Museums owe a duty to society to hold objects within their collections in trust for the benefit of society and have responsibilities towards a variety of stakeholders. These sentiments are expressed in the Codes of Ethics of the International Council of Museums (ICOM) and the UK’s Museums Association. A particular concern is the provenance (or ownership history) of the collected objects. In some instances museums around the world now contain objects of cultural heritage which were taken from their owners during the Second World War in morally reprehensible circumstances (and which could be said to have a “tainted” provenance). In recent years museums have undertaken provenance research and published lists of objects with uncertain provenance between the years 1933-1945.

Museums may enjoy an undisputed legal entitlement to these objects, yet this can be at odds with the moral claims of survivors of the Second World War who were dispossessed of their objects, or indeed the moral claims of their heirs.

This paper will consider how far the legal entitlement to objects of cultural heritage enjoyed by museums should be limited by the moral claims of these third party stakeholders. Consideration will be given to the difficulties in defining moral entitlement as a universally recognised concept.

It will be argued that the moral strength of claims to cultural heritage is gaining an increasing recognition throughout museum practice.
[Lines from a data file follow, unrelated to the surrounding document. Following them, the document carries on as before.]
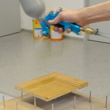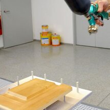 Opracovávaný kus namorte rovnomerne striekaním moridlom ADLER ADLER Aqua Positiv-Plus. ADLER-technik Klaus Moser tu použije odtieň Fichte gekocht.
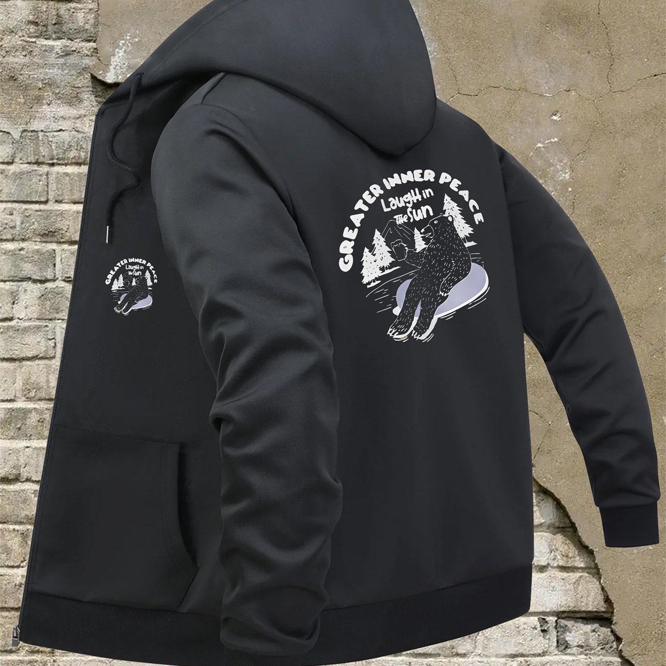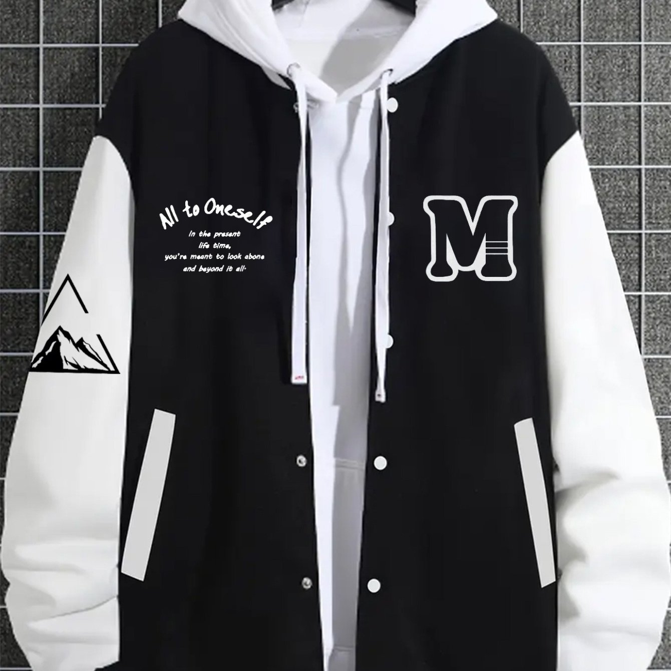 TEMU 1pc Men's Casual Outdoor Geometric-pattern Print Jacket With Stand Collar, Zipper Closure, And Pockets - Knit Fabric Polyester Jacket With Stretch, Regular Fit
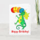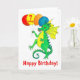 A colourful birthday card for a 7 year old with a green and yellow dragon, carrying balloons, from a watercolour painting by Judy Adamson. The greeting on the front is 'Happy Birthday' in red lettering and the inside is left blank for your own message.

Some museums which have the power to de-accession objects from their collections choose to exercise that power based on the moral claims of third parties, rather than rely on their strict legal entitlements to objects.
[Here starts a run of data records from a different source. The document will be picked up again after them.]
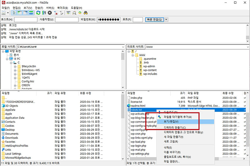 그러면 워드프레스 robots.txt 수정 및 파일질라 FTP를 이용해서 수정된 파일을 업로드하는 방법을 알아보겠습니다.
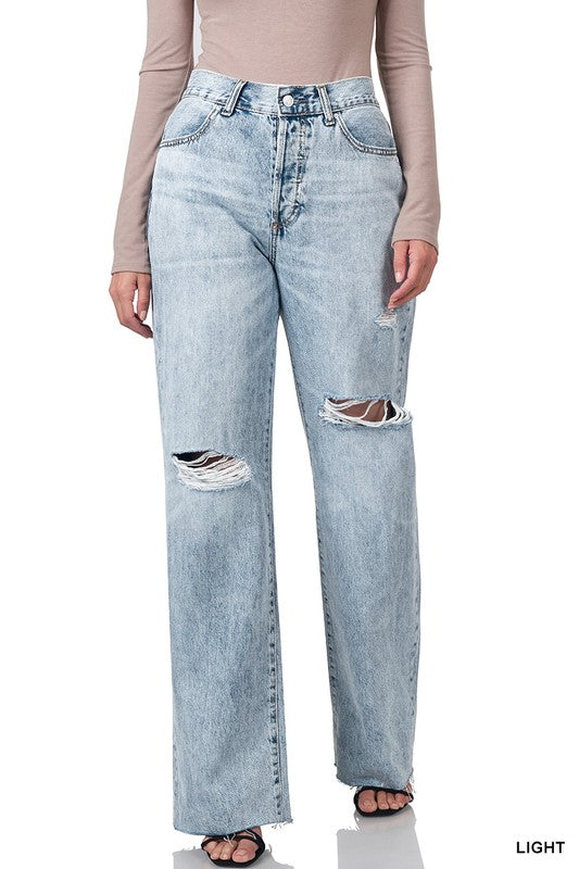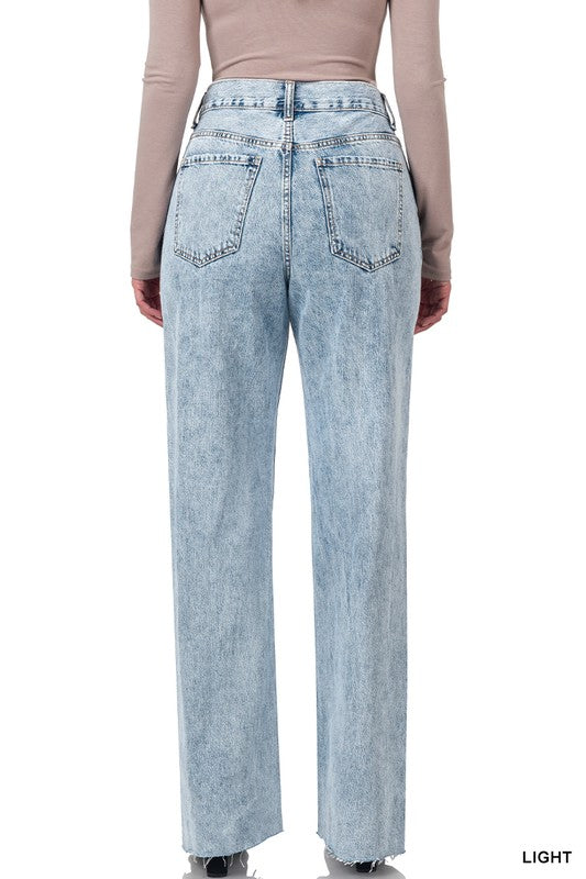Are high rise distressed straight leg denim jean Will definitely be your favorite! Big hugs and all the right places and features of straight leg denim style! Do keep in mind that these are 100% cotton and feature a non-stretch material. RAW HEM FRONT RISE: 11.75", INSEAM: 32.5" approx.
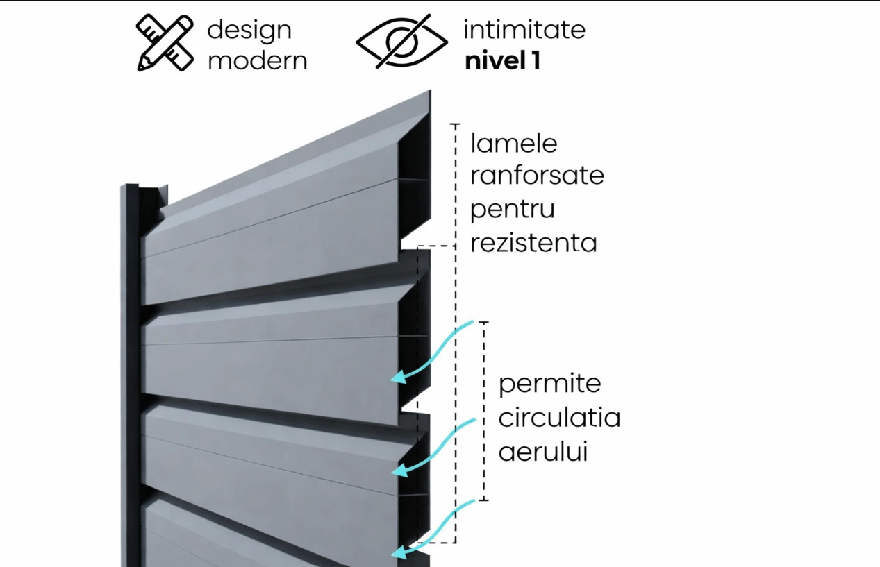 Un gard din aluminiu model Jaluzea Deluxe reprezintă o soluție modernă și durabilă pentru delimitarea și protejarea proprietății. Acest tip de gard combină rezistența și funcționalitatea aluminiului cu un design elegant și contemporan, ideal pentru proprietarii care doresc atât securitate, cât și un aspect estetic plăcut.

In particular the paper will analyse panels such as the United Kingdom Spoliation Advisory Panel which recommends solutions for resolving such disputes without resort to the courts and consider whether the body of decisions by these panels has resulted in the development of a concept of moral entitlement to objects of cultural heritage.

Keywords: Cultural Heritage, Legal Entitlement, Moral Entitlement, Competing Claims, Second World War, Interests of Stakeholders

International Journal of the Inclusive Museum, Volume 2, Issue 2, pp.1-12. Article: Print (Spiral Bound). Article: Electronic (PDF File; 1.195MB).

Charlotte Woodhead

Lecturer, School of Law and Criminology, University of Derby, Derby, Derbyshire, UK

Charlotte Woodhead is a lecturer in Law at the School of Law and Criminology at the University of Derby. Her research interests include the law relating to Cultural Heritage and she has written a number of articles on the law relating to the repatriation of human remains from museum collections. More recently she has contributed the chapter ‘Ownership, possession, title and transfer: human remains in museum collections’ to the forthcoming volume of Modern Studies in Property Law (Hart publishing 2009) She is currently undertaking studies towards a PhD on a part-time basis at the University of Leicester on the topic of property rights in Cultural Heritage.